Fluorescence microscopy was carried out as described previously [70]. Briefly, samples (0.5 ml) were taken during logarithmic phase, centrifuged and resuspended in 10 µl of PBS×1 supplemented with the fluorescent membrane stain FM1-43 or FM4-64 (Molecular Probes, Invitrogen) at 1 µg/ml and the DNA stain 4,6-Diamidino-2-phenylindole (DAPI) (Sigma) at 2 µg/ml. For cell wall labeling, cells were harvested, gently centrifuged, resuspended in 100 µl of T-Base×1 supplemented with WGA-FITC (5 µg/ml, Sigma), incubated for 15 min at room temperature, and washed twice with T-Base×1 before imaging. Stained cell walls and GFP fused proteins were visualized by placing the cells on thin T-Base×1 1% agarose pads. Cells were visualized and photographed using an Axioplan2 microscope (Zeiss) equipped with a CoolSnap HQ camera (Photometrics, Roper Scientific) or an Axioobserver Z1 microscope (Zeiss) equipped with a CoolSnap HQII camera (Photometrics, Roper Scientific). System control and image processing were performed using MetaMorph software (Molecular Devices). For deconvolution microscopy, samples of cells grown in rich LB medium were labeled with WGA-FITC (30 µg/ml) and DAPI (2 µg/ml), applied to an agarose pad, and then subjected to deconvolution microscopy. Optical sections (20–40) were collected at a spacing of 0.2 µm. Images were deconvolved through 50 iterations and then visualized as SFP volume render by using the Huygens Professional Software (Scientific Volume Imaging b.v., Netherlands).

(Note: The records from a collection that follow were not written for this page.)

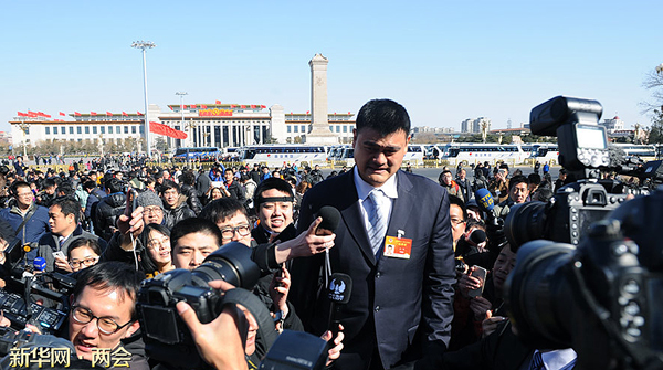 3月3日,中國人民政治協(xié)商會(huì)議第十二屆全國委員會(huì)第三次會(huì)議在北京人民大會(huì)堂開幕。這是記者們?cè)谌嗣翊髸?huì)堂東門外廣場(chǎng)拍攝全國政協(xié)委員姚明。 新華網(wǎng) 翟子赫 攝
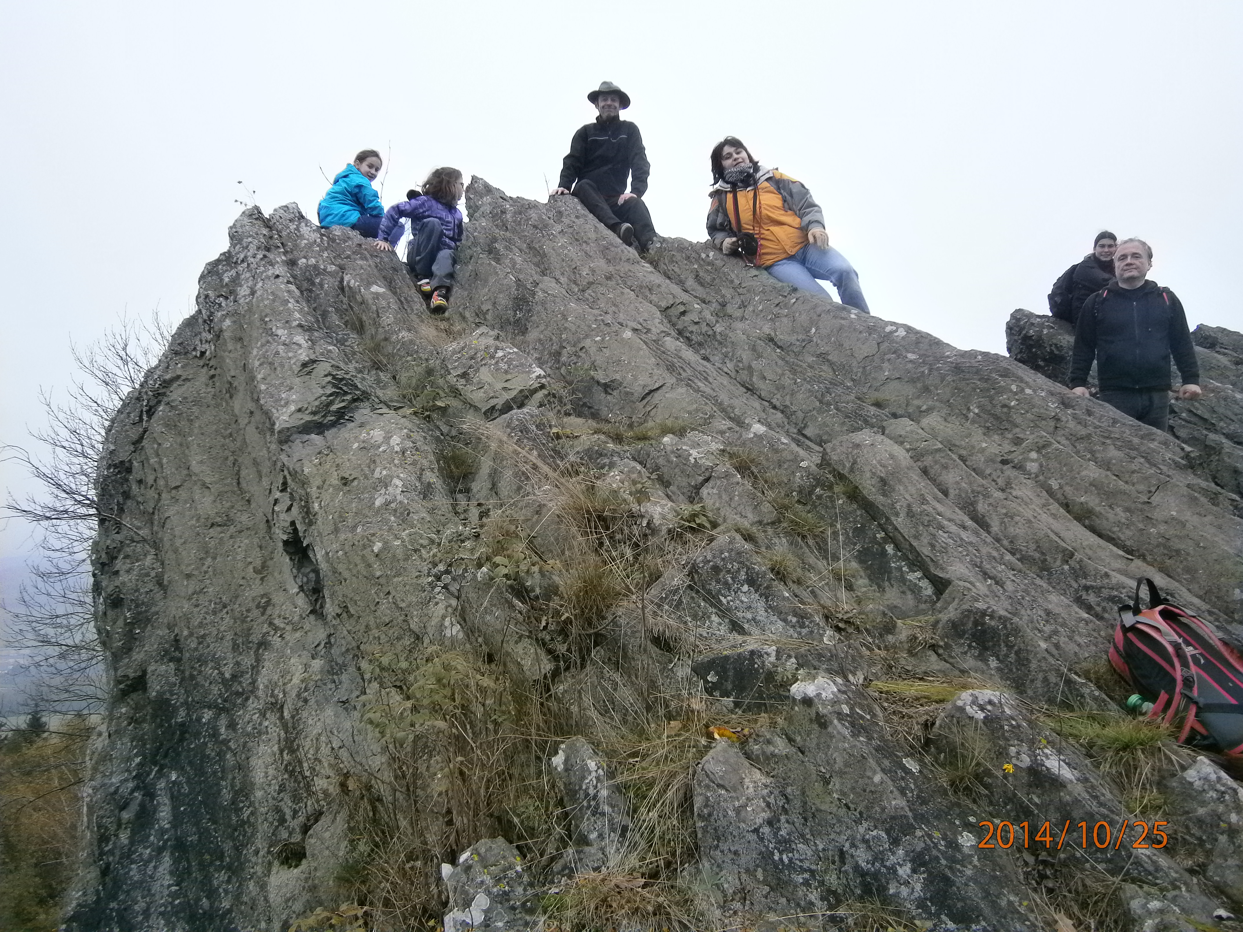 Na vršek sopečného původu zvaný Stříbrník jsme se vyškrábali za hodinku. Krásně stromy a křovinami romanticky zarostlé úpatí, zakrývalo čedičový vrchol. Skalnatý vrchol varhanovitého typu nás nadchnul.
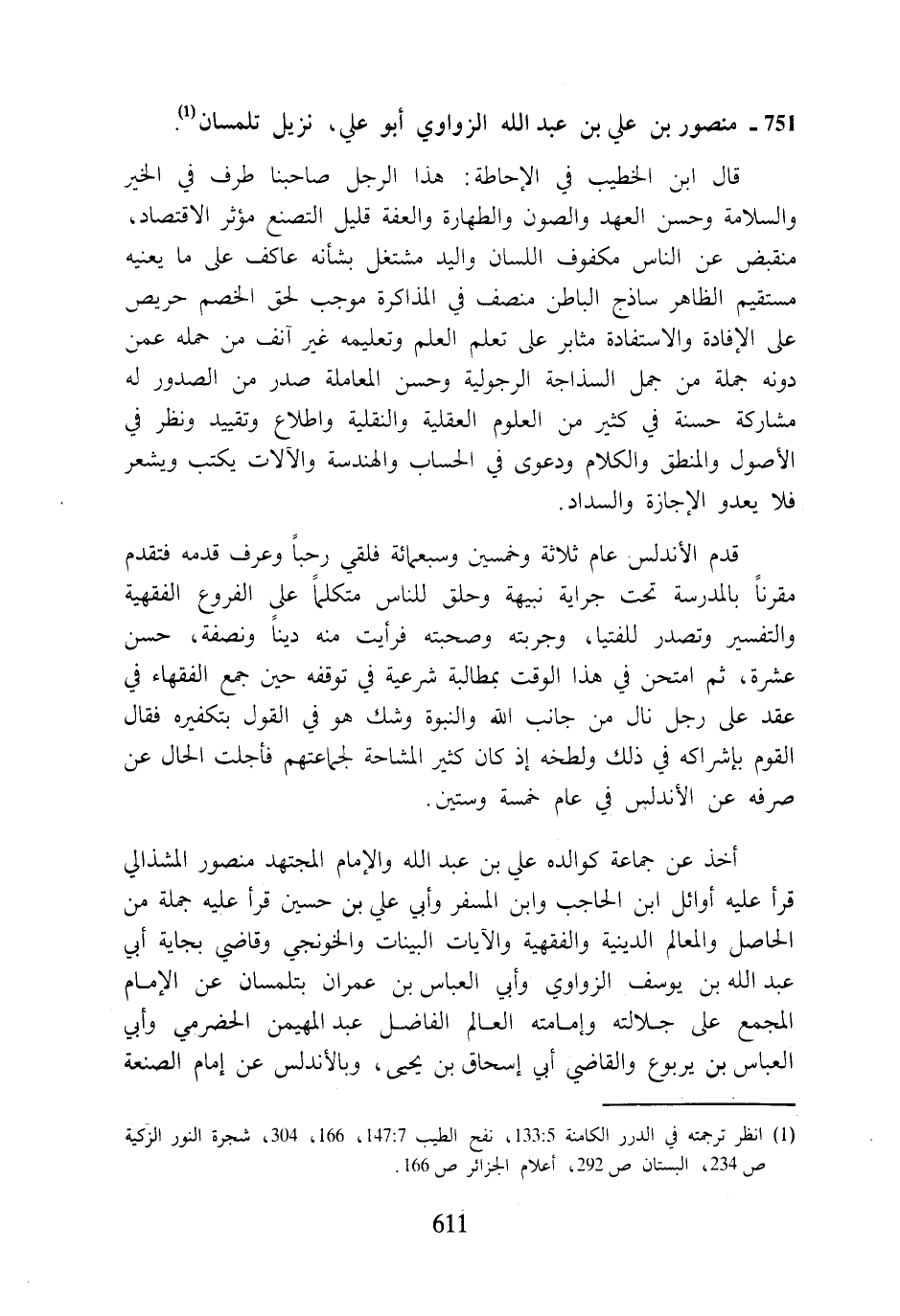 751 - منصور بن علي بن عبد اللَّه الزواوي أبو علي، نزيل تلمسان (¬1).

Determining cell wall carbohydrate composition

Cell walls of wild type (PY79) and ΔmanA (ME37) cells (triplicates of 250 ml late logarithmic phase cultures) were isolated as described previously [44]. The analysis was performed by GlycoSolutions Corporation (MA, USA). Briefly, each of the lyophilized samples was resuspended in 250 µl sterile double distilled water, rinsed with 250 µl of 4 M trifluoroacetic acid. Of note, by using this method acidic carbohydrates such as MurNAc cannot be indentified. After 3 hours of hydrolysis samples were examined using GlycoSolutions SOP HPAEC Neutral Monosaccharide Analysis. Equal volumes of each sample were injected at various dilutions: undiluted, x10, x100. ManNAc and glucose standard curves were included to normalize the values.

Microarray analysis

DNA Microarray analysis was preformed to determine the DNA content of wild type (PY79) and ΔmanA (ME37). Digested genomic DNA (0.5 µg, HaeIII) of each strain was amplified by random primer and then labeled indirectly with cy3 or cy5 dyes. Equal amounts of the labeled samples were mixed and hybridized to a DNA chip containing Sigma B. subtilis OligoLibrary, which represents the entire B. subtilis ORFs. Arrays were scanned using a Genepix 4000B scanner (Axon Ltd). Fluorescence intensities were quantitatively analyzed using GenePix Pro 4.1 software (Axon).